自己催眠との所作や作用の類似性を考慮して考察するならば、

「意識を集中させることで変性意識状態になる」

「一旦変性意識状態に陥ると、相当精神状態の抑制に長けていない限り抜け出せない」

マインドフルネス瞑想であっても、決して自身のパンドラの箱を開けてはならないということです。

 

3.なぜ大手企業が優遇するのに医療分野では冷遇なのか?

なぜ米国では超大手企業が「マインドフルネス」を重宝するのでしょうか?

最大の理由は「社員がパフォーマンスを発揮してくれるから」にほかなりません。

ではなぜ医療分野では冷遇されているのでしょうか?

それは単純明快で「回復・改善された症例の発表」がないからでしょう。

なぜないのか?

なぜなら「マインドフルネス」「マインドフルネス瞑想」は企業利益のためにマッチしたメソッドである事。

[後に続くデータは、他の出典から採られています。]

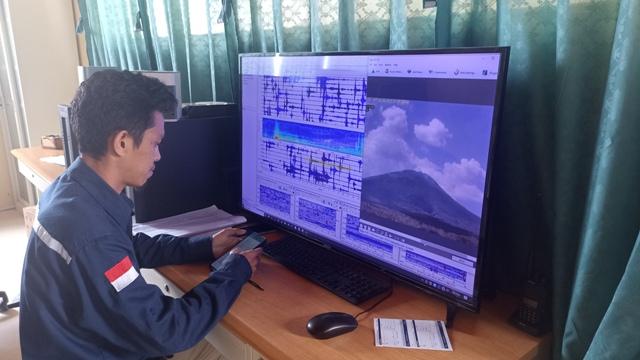 "Kolom abu teramati berwarna kelabu dengan intensitas tebal condong ke arah barat dan barat laut. Erupsi ini terekam di seismogram dengan amplitudo maksimum 34 mm dan durasi ± 42 detik," terang Ara Kian.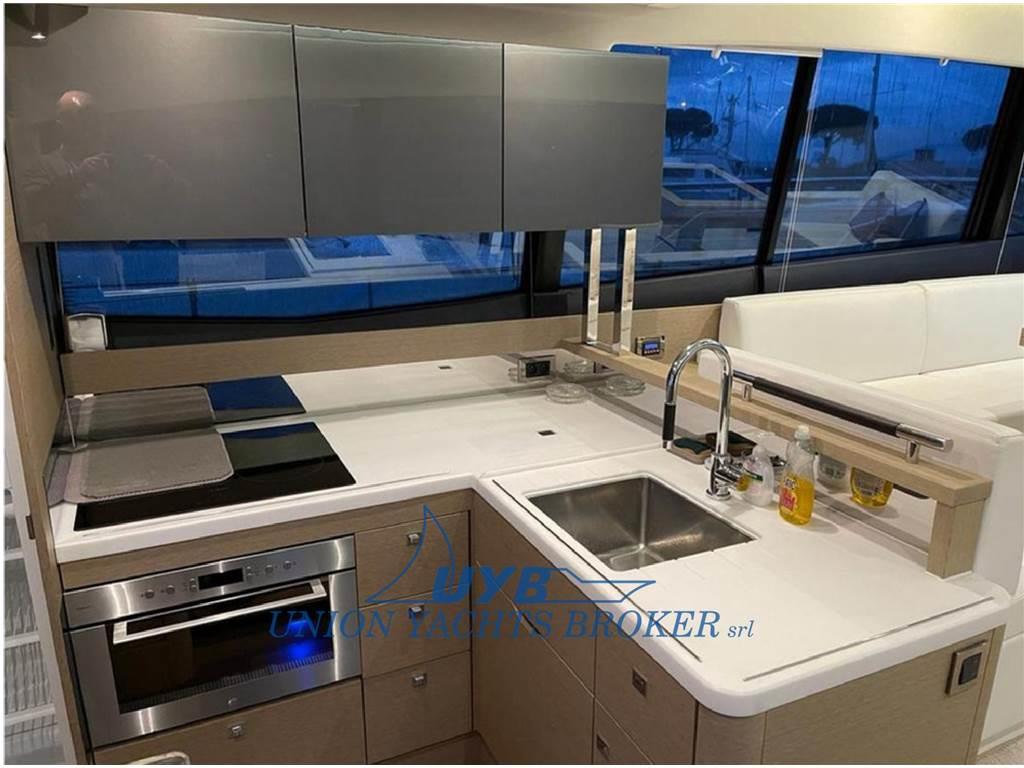 Il grande Fly è dotato di Frigorifero e Ice maker con penisola e lavandino e grande prendisole.

医療行為としての「マインドフルネス」「マインドフルネス瞑想」は良好な結果が出せていないということ。

 

集中力などほとんどないようなうつ病患者に『今この瞬間だけに集中』させることが出来るでしょうか?

無理でしょう。

まずこの時点で「マインドフルネス瞑想」の実施は難儀であることになります。

 

マインドフルネスが精神疾患に効果があるような書き方をしている情報もあるようですが、信憑性に疑問があります。本当にメンタルケアに貢献しているのでしょうか?

どのような裏付け、所作や作法の効能によって効果があるといっているのか?

 

大手企業が優遇する一方で、医療分野では冷遇されている理由。

それは「成果を上げているか否か」でしかないと確信しています。

もし今後の臨床研究において「マインドフルネス」が大変有益であるという症例が出たら、それは諸手を挙げて喜びたいと思います。

 

4.マインドフルネスは合理的かつ実益主義の米国向きの能力開発法

二回にわたってみてきました「マインドフルネス」ですが。

結論としては

「マインドフルネス瞑想は特殊であり、坐禅や日本古来の瞑想とはまるで異なる」

「瞑想等にあるような、変性意識状態に陥った際の抜け出し方が不明」

という理由から

言葉巧みに表現されたマインドフルネスの『概念』のもと、危険性をはらんだ瞑想的行為を行う。

その目的は?

ズバリ、

「一人でできるブレーンストーミング

これが私の出した結論です。

 

マインドフルネスは、物事を歪み偏りのない見方で観察することで、新しい気づきを得ようというのが目的。

結局は

「新たな気づきを得ること」

「斬新なアイデアを発想すること」

そのために行う発想法のようなものですね。

 

最後に念を押しておきたいのは、再三触れてきましたが「マインドフルネス」「マインドフルネス瞑想」は「マインドコントロールです。

自己洗脳と言ってもいいかもしれない。

意識を意図的に制御することは大変なリスクを伴います。


決して個人で行うことはせずに、専門の施術家のもとで行うべきです。

 

最後の最後に警鐘を鳴らしつつ閉めたいと思います。